From the entries below, print exactly the span beginning with the line holding "Bò tót lao qua" and ending with the line holding "4 Pc Bad Apple", endpoints included, and skip any pictures.

- _Listed entries_
-=-=-

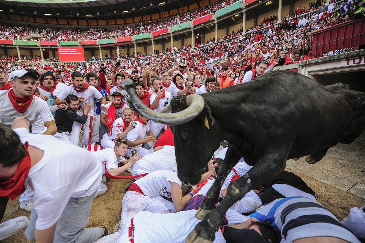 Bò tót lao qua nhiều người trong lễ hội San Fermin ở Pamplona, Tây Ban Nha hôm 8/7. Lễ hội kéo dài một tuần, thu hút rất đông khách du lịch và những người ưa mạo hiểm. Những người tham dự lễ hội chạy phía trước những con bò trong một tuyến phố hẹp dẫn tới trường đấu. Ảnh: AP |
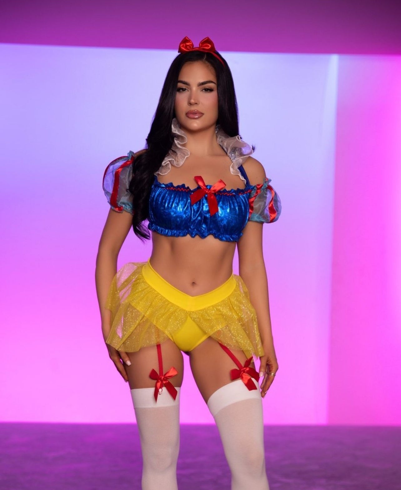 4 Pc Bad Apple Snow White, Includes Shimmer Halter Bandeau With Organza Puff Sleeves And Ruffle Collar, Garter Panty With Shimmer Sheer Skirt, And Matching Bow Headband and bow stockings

-=-=-

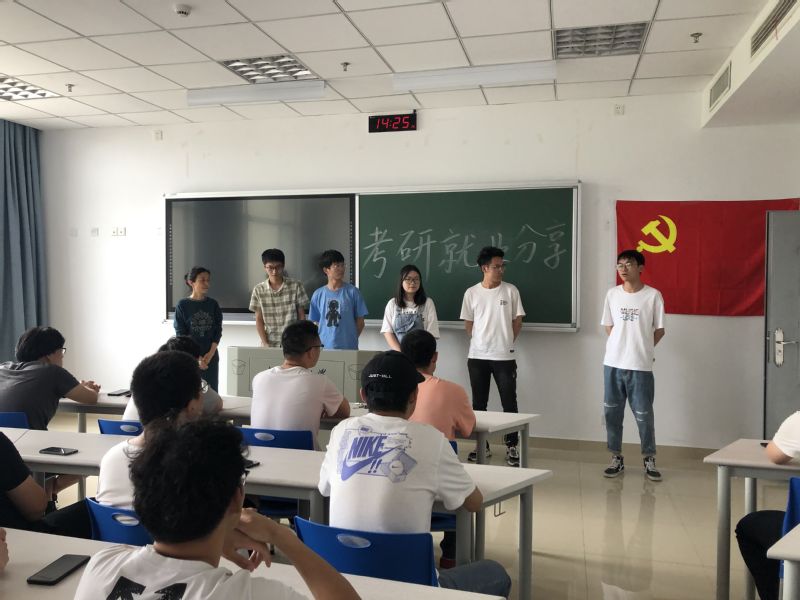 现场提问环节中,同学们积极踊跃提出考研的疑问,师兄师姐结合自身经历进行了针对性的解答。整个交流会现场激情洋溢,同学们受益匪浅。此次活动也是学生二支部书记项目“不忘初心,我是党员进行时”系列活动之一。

-=-=-

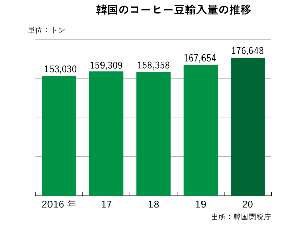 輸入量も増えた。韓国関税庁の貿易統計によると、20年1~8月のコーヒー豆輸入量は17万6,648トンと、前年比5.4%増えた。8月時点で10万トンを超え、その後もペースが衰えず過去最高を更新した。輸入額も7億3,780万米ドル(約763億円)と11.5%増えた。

-=-=-

- _Written solution_
 Bò tót lao qua nhiều người trong lễ hội San Fermin ở Pamplona, Tây Ban Nha hôm 8/7. Lễ hội kéo dài một tuần, thu hút rất đông khách du lịch và những người ưa mạo hiểm. Những người tham dự lễ hội chạy phía trước những con bò trong một tuyến phố hẹp dẫn tới trường đấu. Ảnh: AP |
 4 Pc Bad Apple Snow White, Includes Shimmer Halter Bandeau With Organza Puff Sleeves And Ruffle Collar, Garter Panty With Shimmer Sheer Skirt, And Matching Bow Headband and bow stockings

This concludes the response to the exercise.